How to Prepare Your Organization for Robot Workers

Ira S. Wolfe

President, Success Performance Solutions

Do you hear that sound? It's the collective gasp of the millions of workers threatened by the likes of artificial intelligence, machine learning, drones and even autonomous vehicles.

Recent headlines like "Robots Are Coming for Jobs of as Many as 800 Million World Wide" and "Workers at Risk as Robots Set to Replace 66M Jobs" deliver a dire forecast of imminent job loss—a robot apocalypse where human workers become redundant.

While it's true that as each advanced technology gains traction some jobs will become extinct, exactly how many jobs will be affected is not an easy number to peg down. No matter the number, it's unlikely humans will become obsolete in the advent of these robot workers. The more likely scenario is that most of our jobs will be reinvented rather than replaced.

This reinvention creates an opportunity to adopt new skills. To do this, both employees and organizations should embrace a culture of learning and accept the reality that they must work with emerging technology, not against it.

The 21st Century of Work

Even though many job titles will remain intact in the future, at least 60 percent of all jobs can be 30 percent automated. That means the skills needed to do almost any job will be different and more complex.

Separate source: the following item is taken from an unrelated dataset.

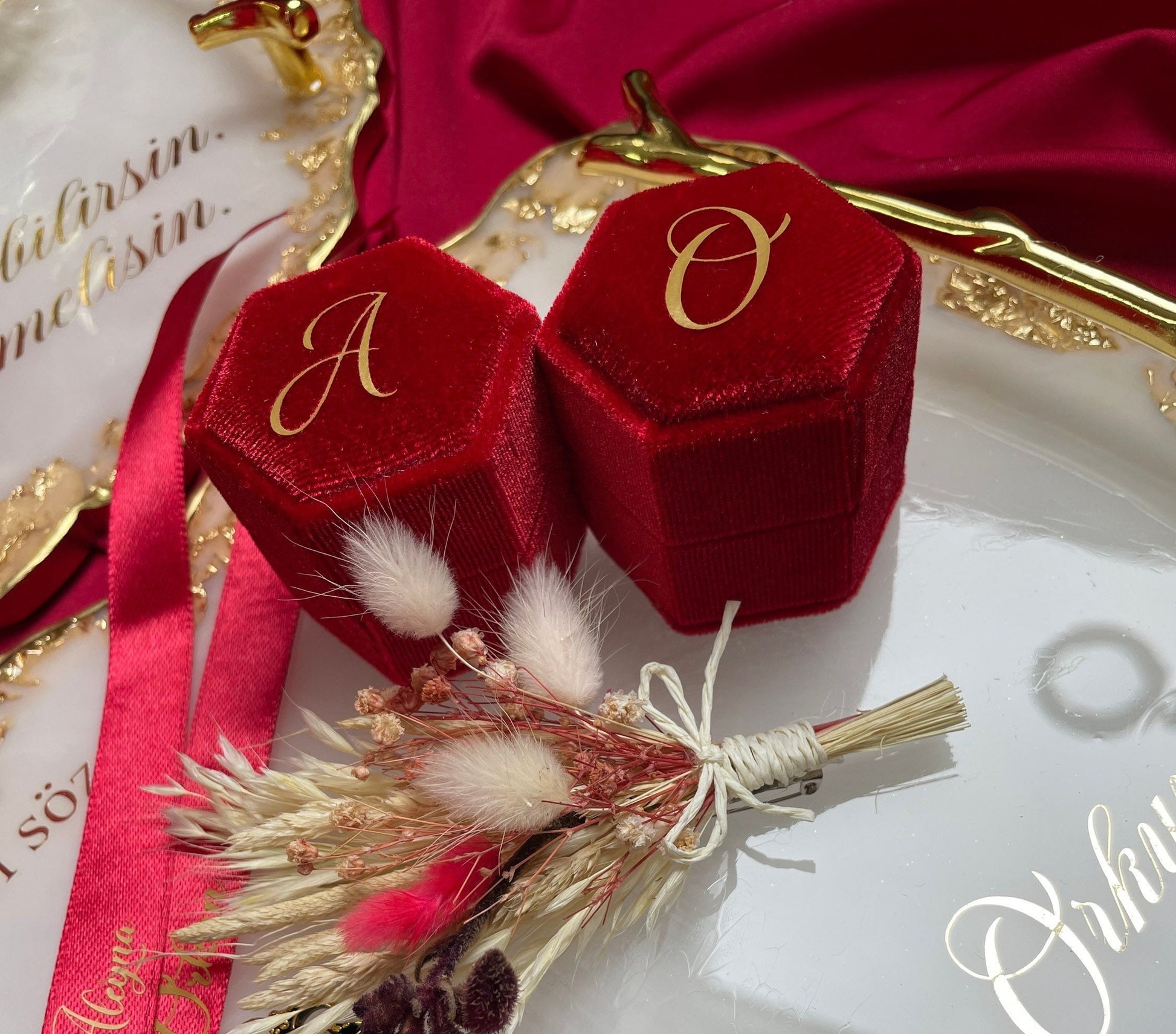 Verlobung Hochzeit Ringbox damat kahvesi tepsisi Samt

Unfortunately, a large segment of our current workforce is ill-prepared. One in four adults report a mismatch between the skills they have and the skills they need for their current job. And according to Edward Gordon, less than 50 million American workers will eventually qualify to supply a demand of 123 million higher skilled jobs.

Here's the problem in a nutshell: the job opportunities that are available today are 21st-century jobs, but the way most people perform these jobs is still stuck in the previous century. The half-life of a job skill is about five years, meaning every five years, that skill is about half as valuable as it was before. And skills shortages are already affecting business—92 percent of employers surveyed saying the shortage has a negative impact on areas such as productivity, staff turnover and employee satisfaction.

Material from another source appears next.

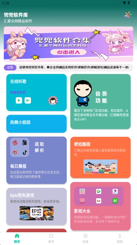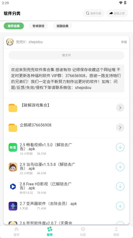 兜兜软件库是一款有着丰富资源的资源分享软件,软件上汇集了各种类型的软件,涵盖工具类、娱乐类、教育类、社交类等等软件,无论是MOD游戏,还是MOD软件,都可以在兜兜软件库中快速获取下载,有需要的用户抓紧时间下载吧!
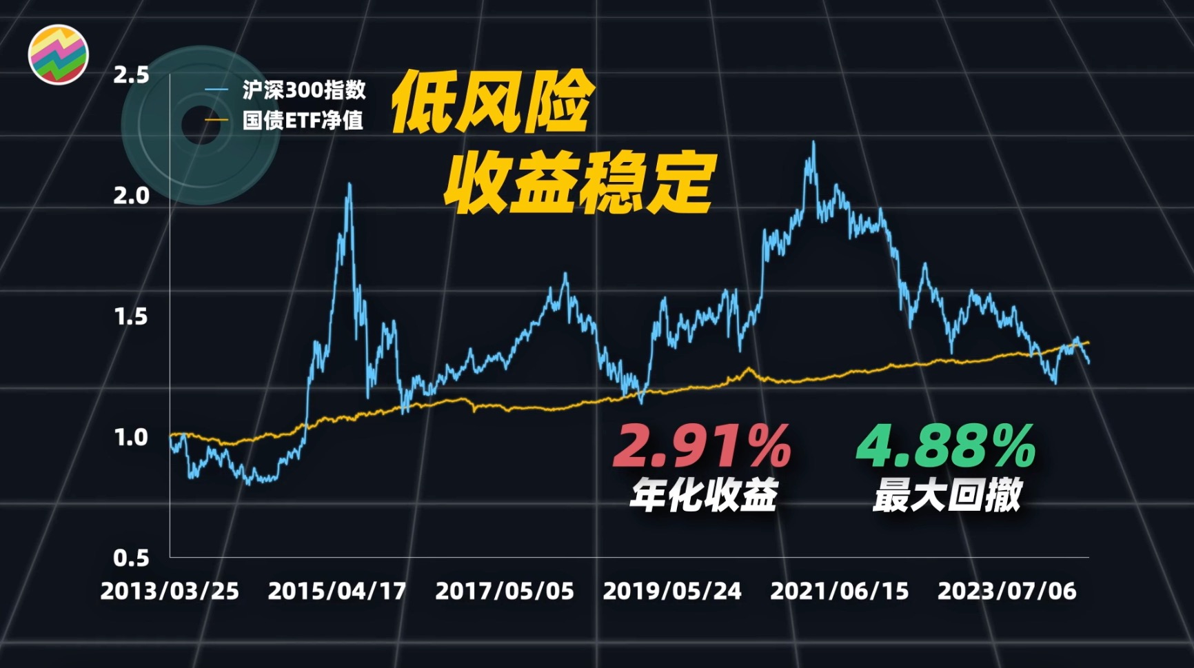 其中一端我们使用了国债ETF,2013年至今它的年化收益是2.91%,但最大回撤仅有4.88%,

Embracing a No-Collar Workforce

So what are companies and workers to do as new technologies and robots proliferate in the workforce and employees start to lack the necessary skills to adopt?

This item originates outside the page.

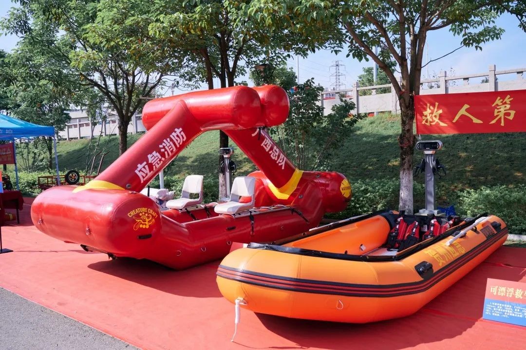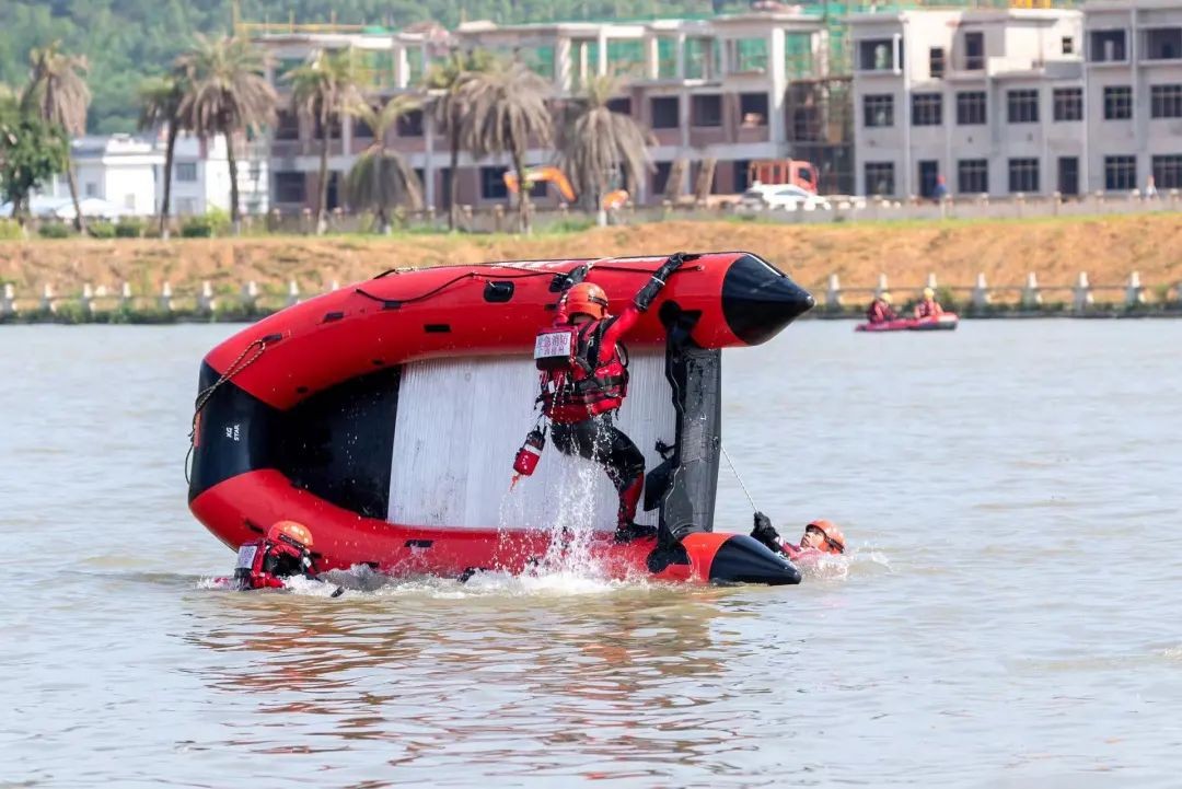 演练期间,广西消防救援总队在立足传统的岸上抛绳救援、舟艇救援、绳索救援等基础上,充分发挥了大型救援无人机、水上救援机器人和水陆两栖全地形车等先进装备优势,开展了无人机实时侦察搜索、舟艇组装、舟艇“O”型救援、舟艇驾驶技术、翻舟自救、舟艇活饵救援等17个实战科目。

In order to adopt a cultural shift around how your organization and its employees view the "rise of the machines" and learn the necessary skills to work with them, HR and management should start by asking the following questions:

  • What human skills will be required to manage emerging technologies?
  • What jobs in our organization should we be planning to fully automate in the next 5 years?
  • What tasks will automation not be able to perform better than humans?
  • Which workers will be most severely affected?
  • How many current employees have the ability to step-up and fill the growing skills gap quickly?
  • What new skills will human workers need to acquire to remain valuable members of the changing workforce?

Organizations stand at the intersection of man and machine. What was fiction in the 50s and 60s is reality today. At the heart of this phenomena emerges what Deloitte calls the no-collar workforce. Instead of robots versus humans, think "co-bots" or collaborative robots. Picture hybrid teams of machines or "augmented humans." This shift presents the formidable task of redesigning jobs and reimagining how work gets done.

Instead of technology helping humans become more productive, future work will be completed through the synergy and symbiosis of humans and robots working collaboratively. Each will contribute specialized skills and abilities. Yes, robot workers will help humans become more productive, but humans will also help robots function at peak performance. Unlike past technology that didn't get smarter or learn on its own, new technology will improve spontaneously and instantly. As technology gets smarter "on the fly," its human partner will need to get smarter, too.